Timothy Arcuri: Ganesh, you talked about orders being up 50% sequentially but you said that they’re still weak. Can you talk about that a little more? Is that — are you just saying that book-to-bill is still well below 1? Is that the point there?

Ganesh Moorthy: Yes. I wouldn’t say well below 1 book-to-bill is below 1. It has bookings have been growing. They’ve been growing unevenly between the months. So it’s on the right track, just not as fast as we would like it to. And coming in they’re aging faster. So that also helps.

Timothy Arcuri: Got it. And then can you talk a little bit more about — you had talked about the green shoots and it sounds like they kind of stalled out a little bit. Can you talk about maybe when that happened in the quarter? Was it like the last month of the quarter? And has it continued through the first month of this quarter, just — and maybe the end markets where that’s actually happened.

Ganesh Moorthy: So at the end of May, I think we were at a public conference where we had said, “Hey, bookings are flattish for May versus April, June got a little bit better. I think it’s just through the quarter week to week. I think these are short-term indicators. We have to look at it kind of on a longer-term basis, how is it evolving? So — but yes, June did not have the same momentum that we would have expected. If this was continuing at a consistent pace. And so that’s the difference between what we saw in April versus May versus June. It just didn’t have a consistency throughout the quarter. And there’s no particular end market thing. The 2 end markets I referred to, stability in aerospace and defense, strengthen the data center market. And of course, we’re indicating that it’s not only the AI subset but going forward for September and December, we’re seeing strength across the data center markets that we’re in.

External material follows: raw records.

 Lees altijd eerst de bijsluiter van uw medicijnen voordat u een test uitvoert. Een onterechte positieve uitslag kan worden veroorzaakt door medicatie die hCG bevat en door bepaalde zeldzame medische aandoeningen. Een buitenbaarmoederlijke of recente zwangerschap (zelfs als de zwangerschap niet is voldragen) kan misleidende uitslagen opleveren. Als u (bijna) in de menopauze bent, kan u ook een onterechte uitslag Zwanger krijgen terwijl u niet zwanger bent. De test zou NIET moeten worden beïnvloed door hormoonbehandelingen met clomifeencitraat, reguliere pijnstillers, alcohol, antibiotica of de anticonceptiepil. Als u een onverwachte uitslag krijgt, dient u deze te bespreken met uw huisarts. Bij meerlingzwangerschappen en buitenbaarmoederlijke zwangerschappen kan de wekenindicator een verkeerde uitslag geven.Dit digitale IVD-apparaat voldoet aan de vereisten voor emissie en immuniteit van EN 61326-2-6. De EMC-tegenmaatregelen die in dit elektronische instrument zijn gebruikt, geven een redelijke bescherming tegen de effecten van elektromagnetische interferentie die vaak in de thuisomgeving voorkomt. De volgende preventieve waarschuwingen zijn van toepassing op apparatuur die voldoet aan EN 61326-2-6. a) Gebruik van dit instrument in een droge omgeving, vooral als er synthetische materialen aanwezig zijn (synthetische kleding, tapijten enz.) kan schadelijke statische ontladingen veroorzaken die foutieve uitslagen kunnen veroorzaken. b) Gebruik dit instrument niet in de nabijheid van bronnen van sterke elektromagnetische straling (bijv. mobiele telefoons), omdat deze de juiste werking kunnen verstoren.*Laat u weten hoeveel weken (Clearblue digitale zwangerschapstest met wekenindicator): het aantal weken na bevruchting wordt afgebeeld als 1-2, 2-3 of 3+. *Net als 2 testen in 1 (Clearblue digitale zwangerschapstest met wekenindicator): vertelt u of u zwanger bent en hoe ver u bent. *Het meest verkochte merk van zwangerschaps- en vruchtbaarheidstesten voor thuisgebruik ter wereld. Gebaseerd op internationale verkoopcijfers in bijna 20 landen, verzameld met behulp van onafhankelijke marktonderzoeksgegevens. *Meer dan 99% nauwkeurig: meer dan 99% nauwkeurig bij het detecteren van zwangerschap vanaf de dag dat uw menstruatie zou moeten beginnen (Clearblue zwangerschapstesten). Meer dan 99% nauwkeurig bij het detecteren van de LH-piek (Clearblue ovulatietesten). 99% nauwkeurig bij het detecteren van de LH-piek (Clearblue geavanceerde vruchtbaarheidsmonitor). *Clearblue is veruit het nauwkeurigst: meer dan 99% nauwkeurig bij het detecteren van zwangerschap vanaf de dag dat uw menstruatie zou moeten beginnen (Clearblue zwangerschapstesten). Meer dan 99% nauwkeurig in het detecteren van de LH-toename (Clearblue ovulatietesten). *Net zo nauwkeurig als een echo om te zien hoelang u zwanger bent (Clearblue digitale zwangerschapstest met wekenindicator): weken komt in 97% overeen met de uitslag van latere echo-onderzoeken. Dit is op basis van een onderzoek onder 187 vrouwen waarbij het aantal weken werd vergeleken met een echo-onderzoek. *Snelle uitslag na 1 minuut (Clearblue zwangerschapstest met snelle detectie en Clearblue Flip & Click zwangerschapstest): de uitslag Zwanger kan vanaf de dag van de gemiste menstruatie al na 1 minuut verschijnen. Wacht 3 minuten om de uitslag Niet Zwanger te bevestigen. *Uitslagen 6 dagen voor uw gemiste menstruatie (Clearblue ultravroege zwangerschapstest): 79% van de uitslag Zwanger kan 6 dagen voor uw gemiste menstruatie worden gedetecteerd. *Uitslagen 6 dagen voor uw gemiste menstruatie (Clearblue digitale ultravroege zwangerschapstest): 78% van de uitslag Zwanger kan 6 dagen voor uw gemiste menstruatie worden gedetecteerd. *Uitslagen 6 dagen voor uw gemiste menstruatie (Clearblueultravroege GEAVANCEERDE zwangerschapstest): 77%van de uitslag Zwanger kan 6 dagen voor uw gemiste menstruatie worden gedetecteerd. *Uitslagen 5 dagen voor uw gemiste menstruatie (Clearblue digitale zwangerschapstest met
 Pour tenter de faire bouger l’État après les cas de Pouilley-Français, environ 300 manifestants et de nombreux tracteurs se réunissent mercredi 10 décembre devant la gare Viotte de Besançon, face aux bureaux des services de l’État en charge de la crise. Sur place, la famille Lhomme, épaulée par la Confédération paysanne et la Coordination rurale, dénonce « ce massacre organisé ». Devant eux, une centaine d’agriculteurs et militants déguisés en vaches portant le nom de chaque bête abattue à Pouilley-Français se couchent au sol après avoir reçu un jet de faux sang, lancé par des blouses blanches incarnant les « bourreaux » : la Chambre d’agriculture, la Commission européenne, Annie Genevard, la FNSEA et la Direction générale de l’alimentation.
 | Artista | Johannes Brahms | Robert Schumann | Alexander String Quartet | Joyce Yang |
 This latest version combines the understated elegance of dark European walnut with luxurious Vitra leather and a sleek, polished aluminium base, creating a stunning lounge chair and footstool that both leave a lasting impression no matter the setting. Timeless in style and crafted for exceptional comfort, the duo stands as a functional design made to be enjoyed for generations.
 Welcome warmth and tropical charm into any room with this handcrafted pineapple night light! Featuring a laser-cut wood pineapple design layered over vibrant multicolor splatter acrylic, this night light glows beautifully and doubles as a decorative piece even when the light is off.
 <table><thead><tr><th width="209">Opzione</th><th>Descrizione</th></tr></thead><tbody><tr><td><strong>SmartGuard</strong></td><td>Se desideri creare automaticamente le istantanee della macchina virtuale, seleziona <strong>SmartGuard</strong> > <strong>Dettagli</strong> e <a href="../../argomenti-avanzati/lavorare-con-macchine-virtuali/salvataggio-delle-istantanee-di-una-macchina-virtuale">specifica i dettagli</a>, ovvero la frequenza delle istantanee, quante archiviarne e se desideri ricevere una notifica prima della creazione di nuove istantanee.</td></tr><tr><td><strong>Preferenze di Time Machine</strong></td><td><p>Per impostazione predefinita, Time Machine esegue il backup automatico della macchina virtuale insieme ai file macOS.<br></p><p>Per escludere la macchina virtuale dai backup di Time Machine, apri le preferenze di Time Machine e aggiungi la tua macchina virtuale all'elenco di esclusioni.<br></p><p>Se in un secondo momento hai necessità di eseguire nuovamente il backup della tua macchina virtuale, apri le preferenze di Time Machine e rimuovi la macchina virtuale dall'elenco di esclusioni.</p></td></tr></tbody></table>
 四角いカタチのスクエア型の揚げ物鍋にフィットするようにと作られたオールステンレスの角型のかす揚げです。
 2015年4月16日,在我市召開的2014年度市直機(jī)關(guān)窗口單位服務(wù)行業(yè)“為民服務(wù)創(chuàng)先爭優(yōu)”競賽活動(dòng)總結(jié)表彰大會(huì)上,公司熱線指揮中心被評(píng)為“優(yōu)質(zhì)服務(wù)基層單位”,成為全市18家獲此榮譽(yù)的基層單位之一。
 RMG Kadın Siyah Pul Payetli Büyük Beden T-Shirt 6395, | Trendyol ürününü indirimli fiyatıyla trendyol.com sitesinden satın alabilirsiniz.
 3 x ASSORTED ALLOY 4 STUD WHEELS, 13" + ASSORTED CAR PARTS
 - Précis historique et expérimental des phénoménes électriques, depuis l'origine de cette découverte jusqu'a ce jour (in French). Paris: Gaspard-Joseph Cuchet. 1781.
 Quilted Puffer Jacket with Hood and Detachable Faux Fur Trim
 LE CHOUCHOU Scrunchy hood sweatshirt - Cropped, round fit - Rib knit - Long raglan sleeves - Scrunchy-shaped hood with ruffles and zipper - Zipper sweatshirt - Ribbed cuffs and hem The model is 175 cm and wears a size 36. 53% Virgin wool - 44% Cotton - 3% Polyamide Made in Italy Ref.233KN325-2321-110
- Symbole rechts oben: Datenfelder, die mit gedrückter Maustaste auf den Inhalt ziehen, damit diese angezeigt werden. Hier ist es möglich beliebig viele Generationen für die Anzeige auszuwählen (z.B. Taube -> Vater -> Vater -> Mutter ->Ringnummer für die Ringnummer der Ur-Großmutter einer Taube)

Operator: Next question, Christopher Rolland with Susquehanna International Group.

Christopher Rolland: Mine is around utilizations and where we go from here. So I think you guys had some shutdowns in June? Are you expecting to continue those into September? And then you also talked about external wafer supply agreements, would you expect those negotiations to go well and to push those out? Or might those effect as well?

Eric Bjornholt: So I’ll start with internal utilization. So we are not planning on having another 2-week shutdown for our wafer fabs in the September quarter. We do not expect production value out of the fabs to be much different quarter-on-quarter. We continue to have attrition and had to lower starts because of that but we’ll not be having another 2-week shutdown. And in our assembly and test areas, we will continue to have days off for those activities to manage our finished goods assembly and test out appropriately. Ganesh, do you want to comment on foundry?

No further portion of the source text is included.